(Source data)
────────────────
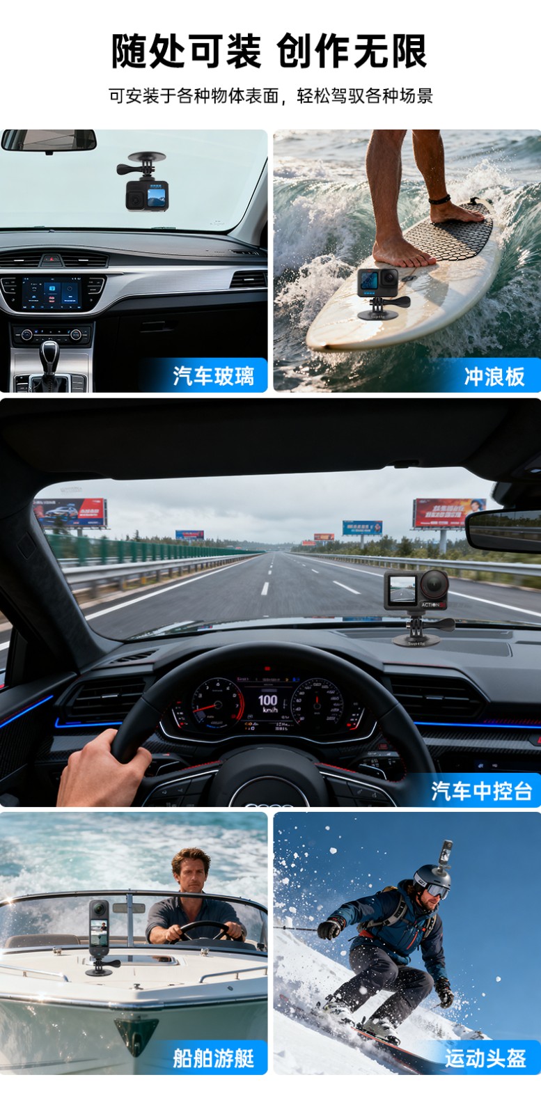 The mount can be attached to helmets or sailboats and paired with action cameras for video recording.
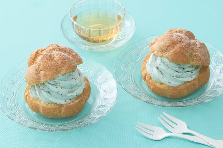 爽やかなチョコチップ入りミント風味ホイップクリームとまろやかなカスタードのWクリームが入ったシュークリーム。
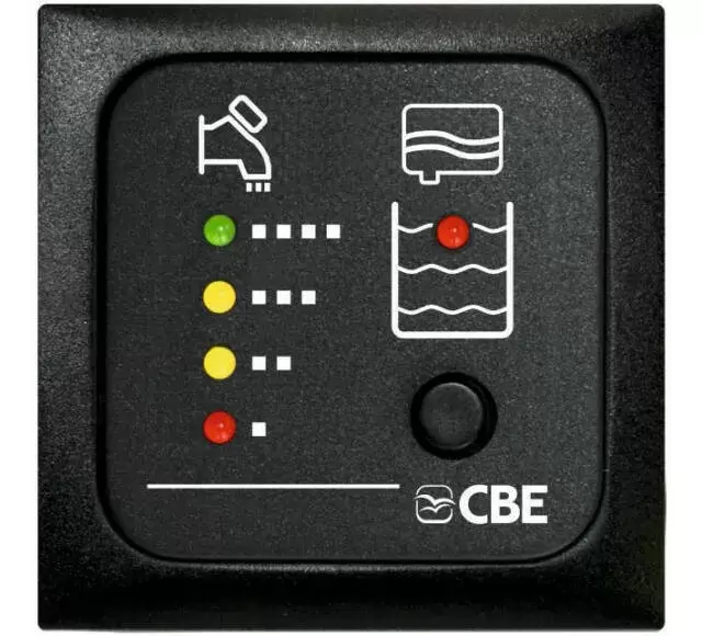 CBE-Steuergerät für Frischwasser und Grauwasser für Wassertanks in Wohnwagen, Wohnmobilen und Campern.
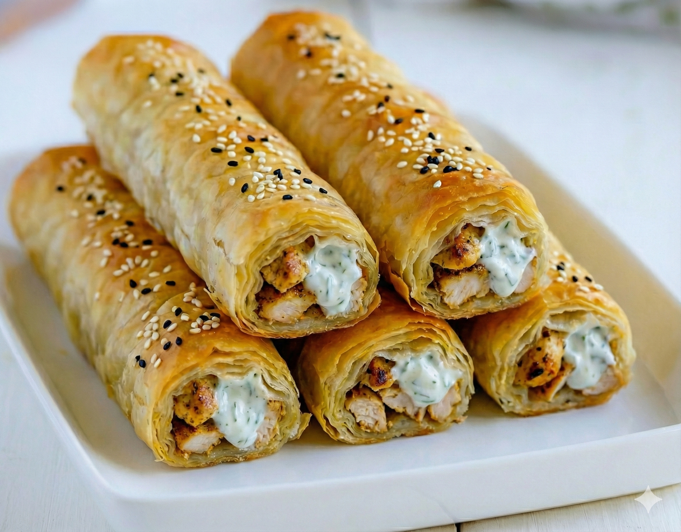 Roulé à la pâte filo fourré à la viande kebab de poulet et sauce tzatzíki.
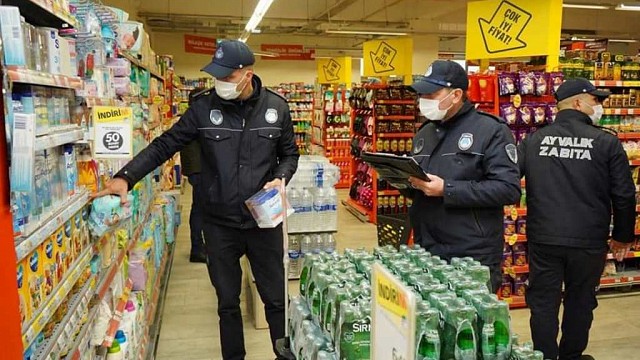 Ayvalık Belediyesi Zabıta Müdürlüğü ekipleri yılbaşı gecesi öncesi, kent merkezinden başlayarak, Cunda (Alibey) Adası, Altınova, Sarımsaklı ve Küçükköy mahallelerinde faaliyet gösteren marketlerde “6502 sayılı Tüketicinin Korunması Hakkında Kanun ve Uygulama Yönetmelikleri” gereğince denetim gerçekleştirdi. Zabıta Müdürlüğü ekipleri temel gıda ürünlerinde fahiş fiyatların önlenmesi amacıyla; marketlerde gramaj, etiket, stokçuluk ve fiyatları denetledi. Ekipler, işletmelerde gıda ürünlerinde perakende satışa arz edilen ürünlerin etiketini veya fiyat tarifesini asıp asmadıklarını, eksik gramda ürün satıp satmadıklarını ve etiketteki fiyatı ile kasa fiyatı arasında fark olup olmadığını da kontrol etti. Gıda denetimleri sırasında maske ve mesafe kuralları konusunda vatandaşı ve esnafı uyaran Zabıta ekipleri, gıda ürünlerinin üretim yeri, vergiler dahil satış fiyatı, birim fiyatı ile bu fiyatların uygulanmaya başladığı tarihin etiketlerde yer alıp almadığına dair kontrollerini de şıklaştırdı.
────────────────
## What to produce
Omitting the pictures, copy each record above exactly as it stands.

## Exercise response
 The mount can be attached to helmets or sailboats and paired with action cameras for video recording.
 爽やかなチョコチップ入りミント風味ホイップクリームとまろやかなカスタードのWクリームが入ったシュークリーム。
 CBE-Steuergerät für Frischwasser und Grauwasser für Wassertanks in Wohnwagen, Wohnmobilen und Campern.
 Roulé à la pâte filo fourré à la viande kebab de poulet et sauce tzatzíki.
 Ayvalık Belediyesi Zabıta Müdürlüğü ekipleri yılbaşı gecesi öncesi, kent merkezinden başlayarak, Cunda (Alibey) Adası, Altınova, Sarımsaklı ve Küçükköy mahallelerinde faaliyet gösteren marketlerde “6502 sayılı Tüketicinin Korunması Hakkında Kanun ve Uygulama Yönetmelikleri” gereğince denetim gerçekleştirdi. Zabıta Müdürlüğü ekipleri temel gıda ürünlerinde fahiş fiyatların önlenmesi amacıyla; marketlerde gramaj, etiket, stokçuluk ve fiyatları denetledi. Ekipler, işletmelerde gıda ürünlerinde perakende satışa arz edilen ürünlerin etiketini veya fiyat tarifesini asıp asmadıklarını, eksik gramda ürün satıp satmadıklarını ve etiketteki fiyatı ile kasa fiyatı arasında fark olup olmadığını da kontrol etti. Gıda denetimleri sırasında maske ve mesafe kuralları konusunda vatandaşı ve esnafı uyaran Zabıta ekipleri, gıda ürünlerinin üretim yeri, vergiler dahil satış fiyatı, birim fiyatı ile bu fiyatların uygulanmaya başladığı tarihin etiketlerde yer alıp almadığına dair kontrollerini de şıklaştırdı.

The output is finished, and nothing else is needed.